• EXERCISE AIM: Output the records precisely as they stand. Pictures are to be skipped.

• DATA FOR THIS EXERCISE:
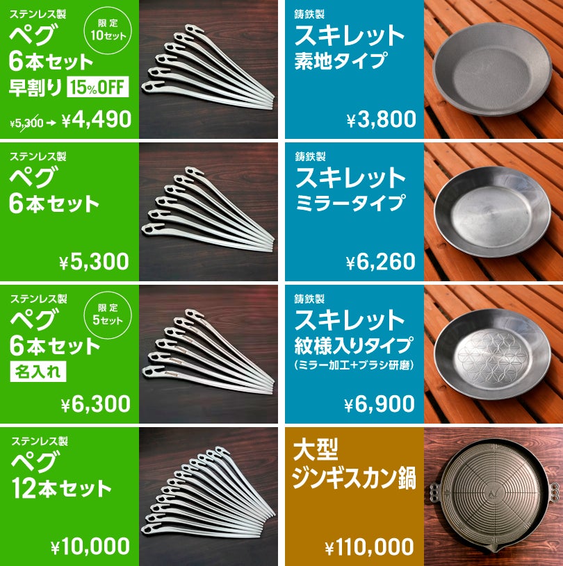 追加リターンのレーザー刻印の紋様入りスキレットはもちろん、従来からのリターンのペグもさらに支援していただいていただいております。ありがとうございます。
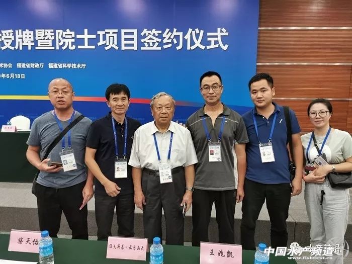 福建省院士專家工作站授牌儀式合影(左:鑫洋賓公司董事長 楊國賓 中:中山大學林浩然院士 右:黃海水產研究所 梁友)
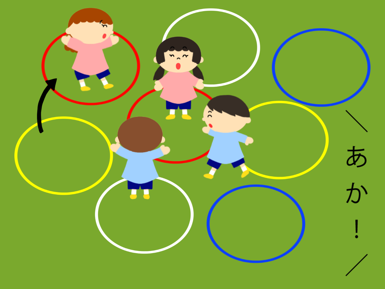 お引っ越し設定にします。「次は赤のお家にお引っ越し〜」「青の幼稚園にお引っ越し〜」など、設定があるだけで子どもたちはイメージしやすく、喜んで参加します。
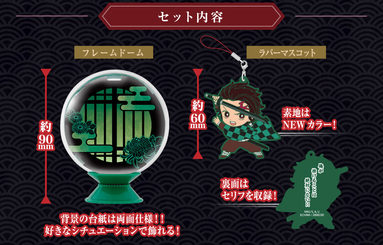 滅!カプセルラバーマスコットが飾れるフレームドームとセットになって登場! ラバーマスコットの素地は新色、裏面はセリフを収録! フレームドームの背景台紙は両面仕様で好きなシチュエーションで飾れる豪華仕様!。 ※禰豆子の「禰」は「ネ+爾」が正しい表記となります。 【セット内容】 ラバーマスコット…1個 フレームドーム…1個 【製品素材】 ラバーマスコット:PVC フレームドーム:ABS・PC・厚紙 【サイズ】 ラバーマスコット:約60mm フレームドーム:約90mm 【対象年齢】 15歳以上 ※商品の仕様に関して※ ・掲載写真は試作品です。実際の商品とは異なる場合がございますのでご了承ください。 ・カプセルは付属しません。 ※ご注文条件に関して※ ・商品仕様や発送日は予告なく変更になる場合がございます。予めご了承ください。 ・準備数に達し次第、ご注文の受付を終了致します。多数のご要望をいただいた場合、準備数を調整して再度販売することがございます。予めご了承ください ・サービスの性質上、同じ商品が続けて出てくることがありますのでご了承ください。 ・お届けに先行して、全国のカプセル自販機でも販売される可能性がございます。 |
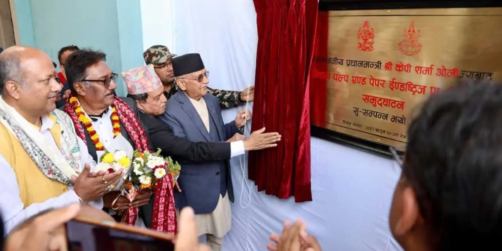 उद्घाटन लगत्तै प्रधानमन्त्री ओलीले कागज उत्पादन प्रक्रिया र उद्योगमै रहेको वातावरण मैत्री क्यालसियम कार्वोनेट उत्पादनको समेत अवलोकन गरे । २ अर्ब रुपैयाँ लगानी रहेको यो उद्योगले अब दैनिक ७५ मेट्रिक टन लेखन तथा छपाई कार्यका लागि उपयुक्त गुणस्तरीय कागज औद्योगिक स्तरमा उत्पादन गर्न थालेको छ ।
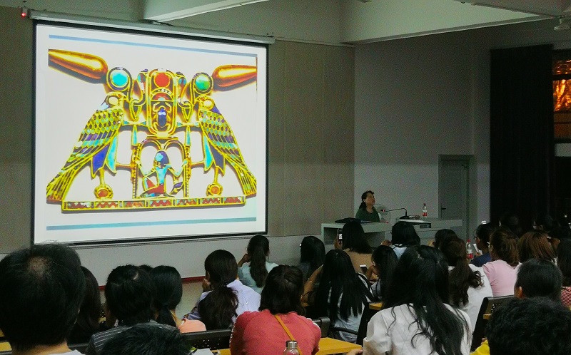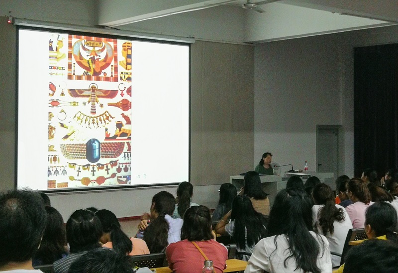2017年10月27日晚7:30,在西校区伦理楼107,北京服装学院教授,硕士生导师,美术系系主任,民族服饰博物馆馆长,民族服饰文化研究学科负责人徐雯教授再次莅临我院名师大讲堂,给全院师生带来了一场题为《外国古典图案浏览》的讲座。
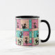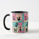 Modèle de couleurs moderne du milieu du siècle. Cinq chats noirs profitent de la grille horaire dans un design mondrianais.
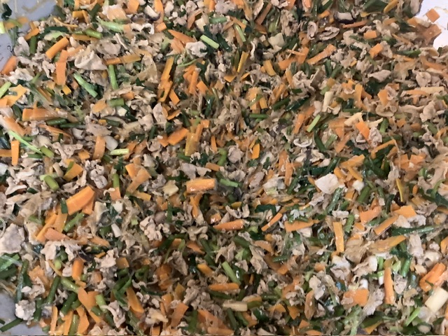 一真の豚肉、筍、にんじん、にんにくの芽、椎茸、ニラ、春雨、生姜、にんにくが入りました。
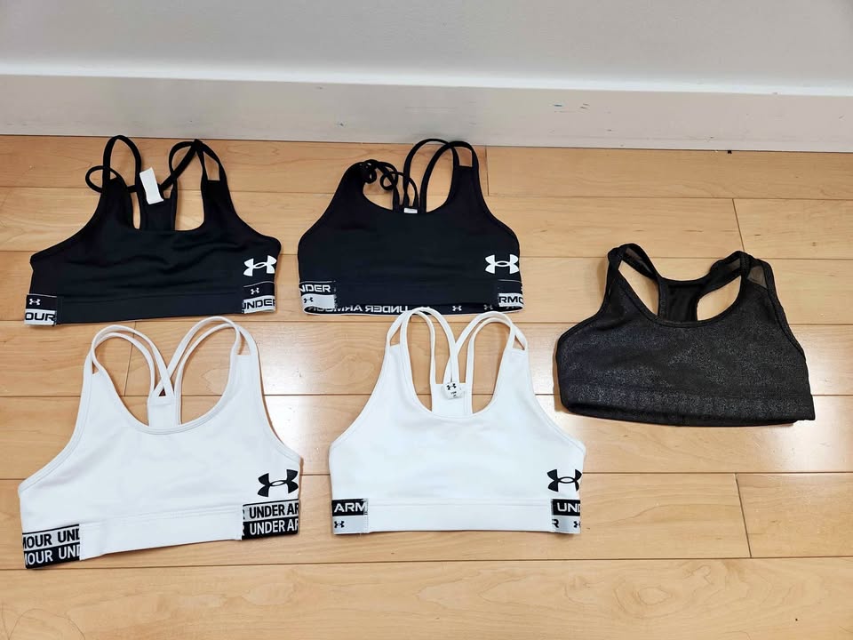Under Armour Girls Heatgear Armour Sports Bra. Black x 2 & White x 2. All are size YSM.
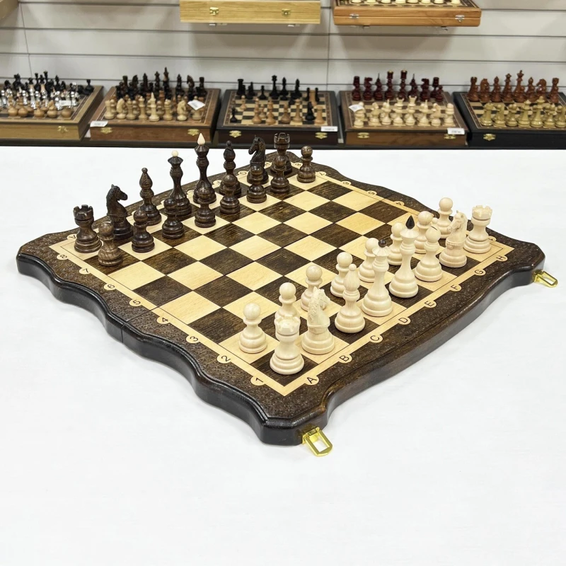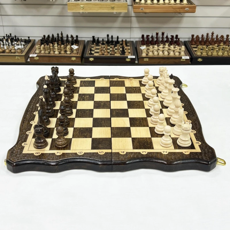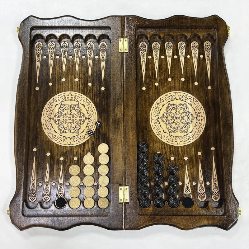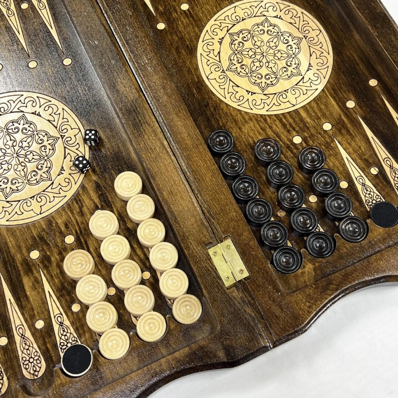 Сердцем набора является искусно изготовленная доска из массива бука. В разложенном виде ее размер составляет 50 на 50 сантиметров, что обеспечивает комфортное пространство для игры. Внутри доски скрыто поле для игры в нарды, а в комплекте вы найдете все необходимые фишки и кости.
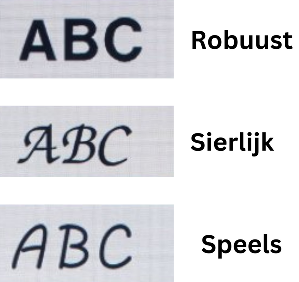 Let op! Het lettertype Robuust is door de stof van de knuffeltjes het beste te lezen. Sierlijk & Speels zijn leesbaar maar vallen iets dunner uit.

• SOLUTION:
 追加リターンのレーザー刻印の紋様入りスキレットはもちろん、従来からのリターンのペグもさらに支援していただいていただいております。ありがとうございます。
 福建省院士專家工作站授牌儀式合影(左:鑫洋賓公司董事長 楊國賓 中:中山大學林浩然院士 右:黃海水產研究所 梁友)
 お引っ越し設定にします。「次は赤のお家にお引っ越し〜」「青の幼稚園にお引っ越し〜」など、設定があるだけで子どもたちはイメージしやすく、喜んで参加します。
 滅!カプセルラバーマスコットが飾れるフレームドームとセットになって登場! ラバーマスコットの素地は新色、裏面はセリフを収録! フレームドームの背景台紙は両面仕様で好きなシチュエーションで飾れる豪華仕様!。 ※禰豆子の「禰」は「ネ+爾」が正しい表記となります。 【セット内容】 ラバーマスコット…1個 フレームドーム…1個 【製品素材】 ラバーマスコット:PVC フレームドーム:ABS・PC・厚紙 【サイズ】 ラバーマスコット:約60mm フレームドーム:約90mm 【対象年齢】 15歳以上 ※商品の仕様に関して※ ・掲載写真は試作品です。実際の商品とは異なる場合がございますのでご了承ください。 ・カプセルは付属しません。 ※ご注文条件に関して※ ・商品仕様や発送日は予告なく変更になる場合がございます。予めご了承ください。 ・準備数に達し次第、ご注文の受付を終了致します。多数のご要望をいただいた場合、準備数を調整して再度販売することがございます。予めご了承ください ・サービスの性質上、同じ商品が続けて出てくることがありますのでご了承ください。 ・お届けに先行して、全国のカプセル自販機でも販売される可能性がございます。 |
 उद्घाटन लगत्तै प्रधानमन्त्री ओलीले कागज उत्पादन प्रक्रिया र उद्योगमै रहेको वातावरण मैत्री क्यालसियम कार्वोनेट उत्पादनको समेत अवलोकन गरे । २ अर्ब रुपैयाँ लगानी रहेको यो उद्योगले अब दैनिक ७५ मेट्रिक टन लेखन तथा छपाई कार्यका लागि उपयुक्त गुणस्तरीय कागज औद्योगिक स्तरमा उत्पादन गर्न थालेको छ ।
2017年10月27日晚7:30,在西校区伦理楼107,北京服装学院教授,硕士生导师,美术系系主任,民族服饰博物馆馆长,民族服饰文化研究学科负责人徐雯教授再次莅临我院名师大讲堂,给全院师生带来了一场题为《外国古典图案浏览》的讲座。
 Modèle de couleurs moderne du milieu du siècle. Cinq chats noirs profitent de la grille horaire dans un design mondrianais.
 一真の豚肉、筍、にんじん、にんにくの芽、椎茸、ニラ、春雨、生姜、にんにくが入りました。
Under Armour Girls Heatgear Armour Sports Bra. Black x 2 & White x 2. All are size YSM.
 Сердцем набора является искусно изготовленная доска из массива бука. В разложенном виде ее размер составляет 50 на 50 сантиметров, что обеспечивает комфортное пространство для игры. Внутри доски скрыто поле для игры в нарды, а в комплекте вы найдете все необходимые фишки и кости.
 Let op! Het lettertype Robuust is door de stof van de knuffeltjes het beste te lezen. Sierlijk & Speels zijn leesbaar maar vallen iets dunner uit.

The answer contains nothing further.